It is true that there were plenty of archbishops in the dominions of his Byzantine neighbors, and that the Greek emperors, Basil and Constantine, would have been glad to send him a dozen of them if he had expressed a wish to that effect; but Vladimir was proud, and could not think of asking a favor of anybody, least of all of the Greek emperors. No, he would die a heathen rather than ask for an archbishop to baptize him.

Nevertheless, Vladimir had fully made up his mind to have himself baptized by an archbishop. It was his lifelong habit, when he wanted anything, to take it by force. He had taken two thirds of his dominions in that way, and, as we have seen, it was in that way that he got his wife Rogneda. So now that he wanted an archbishop, he determined to take one. Calling his army together, he declared war on the Greek emperors, and promising his soldiers all the pillage they wanted, he marched away towards Constantinople.

The first serious obstacle he met with was the fortified city of Kherson, situated near the spot where Sebastopol stands in our day. Here the resistance was so obstinate that month after month was consumed in siege operations. At the end of six months Vladimir became seriously alarmed lest the garrison should be succored from without, in which case his hope of getting himself converted into a Christian must be abandoned altogether.

While he was troubled on this score, however, one of his soldiers picked up an arrow that had been shot from the city, and found a letter attached to it. This letter informed the Grand Prince that the water-pipes of the city received their supplies at a point immediately in his rear, and with this news Vladimir's hope of becoming a Christian revived. He found the water-pipes and stopped them up, and the city surrendered.

There were plenty of bishops and archbishops there, of course, and they were perfectly willing--as they had been from the first, for that matter--to baptize the unruly royal convert, but Vladimir was not content now with that. He sent a messenger to Constantinople to tell the emperors there that he wanted their sister, the Princess Anne, for a wife; and that if they refused, he would march against Constantinople itself. The Emperors Basil and Constantine consented, and although Vladimir had five wives already, he married Anne, and was baptized on the same day.

Having now become a Christian, the Grand Prince determined that his Russians should do the same. He publicly stripped the god Perune of his gorgeous golden whiskers, and of his rich vestments, showing the people that Perune was only a log of wood. Then he had the deposed god whipped in public, and thrown into the river, with all the other gods.

He next ordered all the people of his capital city to assemble on the banks of the Dnieper River, and, at a signal, made them all rush into the water, while a priest pronounced the baptismal service over the whole population of the city at once. It was the most wholesale baptism ever performed.

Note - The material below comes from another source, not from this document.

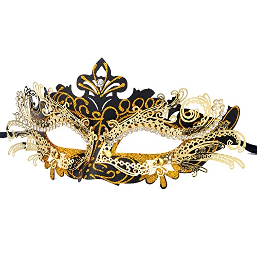 MYSEUNI Maskeradmask för par – guldvenetiansk metallmask & romersk grekisk venetiansk mask – cosplay halloweenpartymask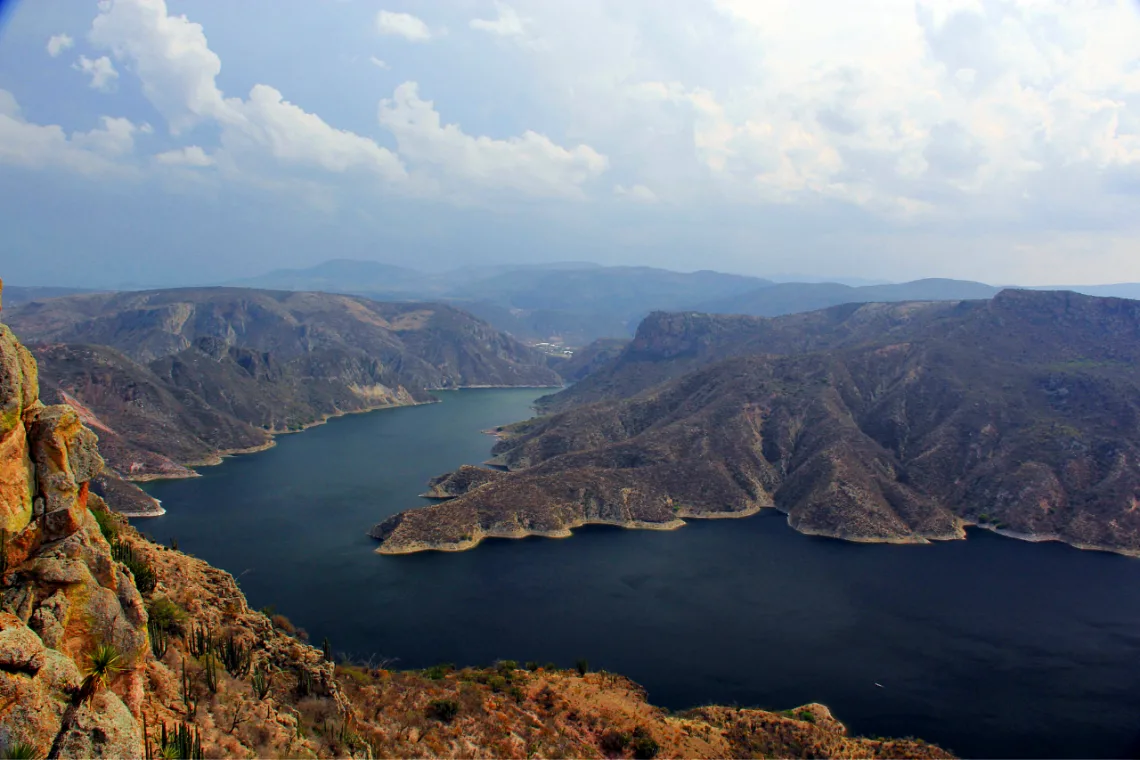 Continuando la travesía, visitaremos la famosa Presa de Zimapán, una obra de ingeniería rodeada de montañas y cañones que regalan vistas espectaculares. En sus orillas se extiende el agua reflejando el contorno de los cerros, mientras el ambiente fresco invita a pasear y disfrutar la tranquilidad del entorno. Si las condiciones lo permiten, podrás presenciar el movimiento de las embarcaciones y la vida silvestre local, además de apreciar la magnitud de la presa desde sus miradores.

That is the way in which Russia was changed from a pagan to a Christian empire. The story reads like a romance, but it is plain, well-authenticated history. For his military exploits the Russian historians call this prince Vladimir the Great. The people call him St. Vladimir, the Greek Church having enrolled his name among the saints soon after his death. He was undoubtedly a man of rare military skill, and unusual ability in the government of men. Bad as his acts were, he seems to have had a conscience, and to have done his duty so far as he was capable of understanding it.